Unfortunately, many software developers and system designers put most of
blames on users for configuration errors, and do not pay enough
attention to handling misconfiguration in a more active way. Comparing
to software bugs, configuration issues have much less tooling support
for error detections, issue tracking, tolerance testing, as well as
design reviews.
In this talk, I will present our recent work on characterizing
misconfigurations in commercial and open source systems (as well as a
major commercial cloud service provider), and also some of our solutions
in addressing this configuration problem. We approach it from the
perspective that configurations are a part of user interface, and
thereby need to consider from user perspectives. More specifically, as a
practical first step, we need to avoid error-prone requirements and
also react gracefully to user mistakes. Our solutions have been used
two commercial companies and have influenced some popular open source
systems such as "Squid" redesigning their configuration.
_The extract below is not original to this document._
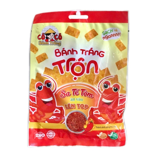 Sản phẩm được đóng gói tiện lợi, sạch sẽ, dễ mang theo khi đi học, đi chơi hoặc du lịch. Chỉ cần mở gói là có thể thưởng thức ngay, không cần chế biến thêm. Đây là lựa chọn lý tưởng cho những ai yêu thích món bánh tráng trộn nhưng vẫn muốn đảm bảo sự tiện lợi và vệ sinh.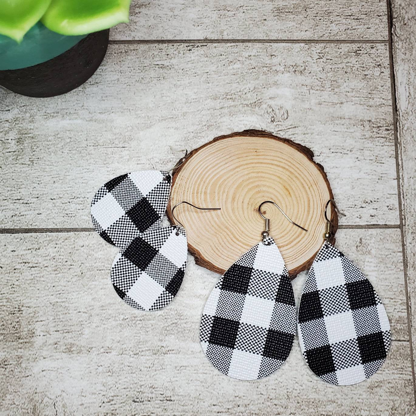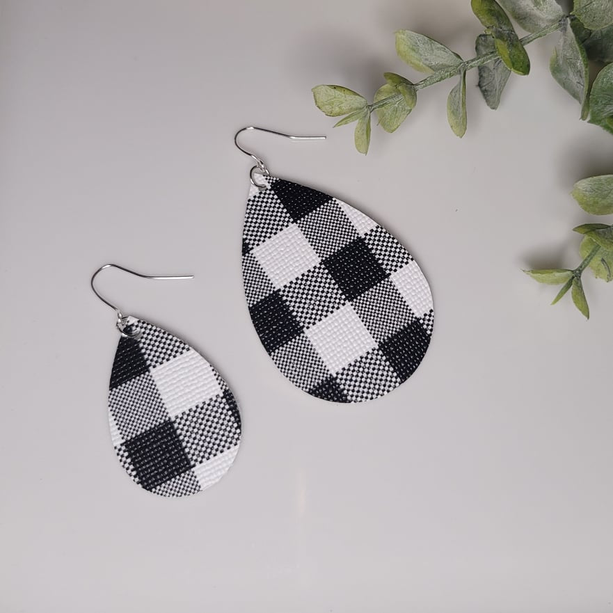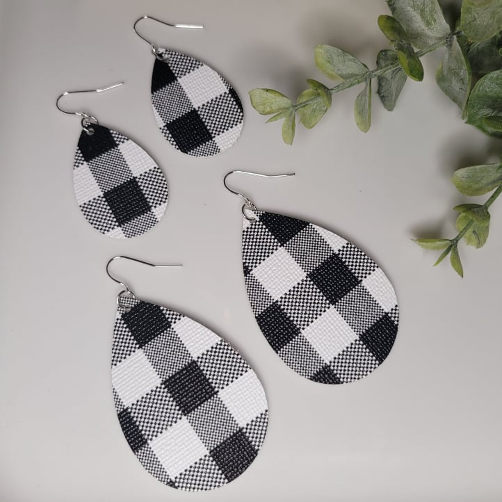 This item is a handcrafted pair of earrings using black and white buffalo plaid faux leatherette in a Teardrop shape. They are weightless, fun and a fashionable accessory to add to any outfit!

In this talk, I
will also some of the negative interactions (and "challenges") with
some open source developers.
Yuanyuan Zhou is currently a Qualcomm Chair Professor at UC-San Diego.
Before UCSD, she was a tenured associate professor at University of
Illinois at Urbana Champaign. Her research interests span the areas of
operating systems, software engineering, system reliability and
maintainability. She has 3 papers selected into the IEEE Micro Special
Issue on Top Picks from Architecture Conferences, best paper at SOSP'05,
and 2011 ACM SIGSOFT FSE (Foundation of Software Engineering)
Distinguished Paper. She has co-founded two startups. Her recent
startup, PatternInsight, has successfully deployed software quality
assurance tools in many companies including Cisco, Juniper, Qualcomm,
Motorola, Intel, EMC, Lucent, Tellabs, etc. Recently Pattern Insight has
sold its Log Insight business to VmWare. In addition, Intel has
licensed some of her solutions on detecting concurrency bugs. She has
graduated 14 Ph.D. students so far, many of whom have joined top
industrial companies and academia such as University of Wisconsin at
Madison, University of Toronto, University of Waterloo, etc as
tenure-track faculty.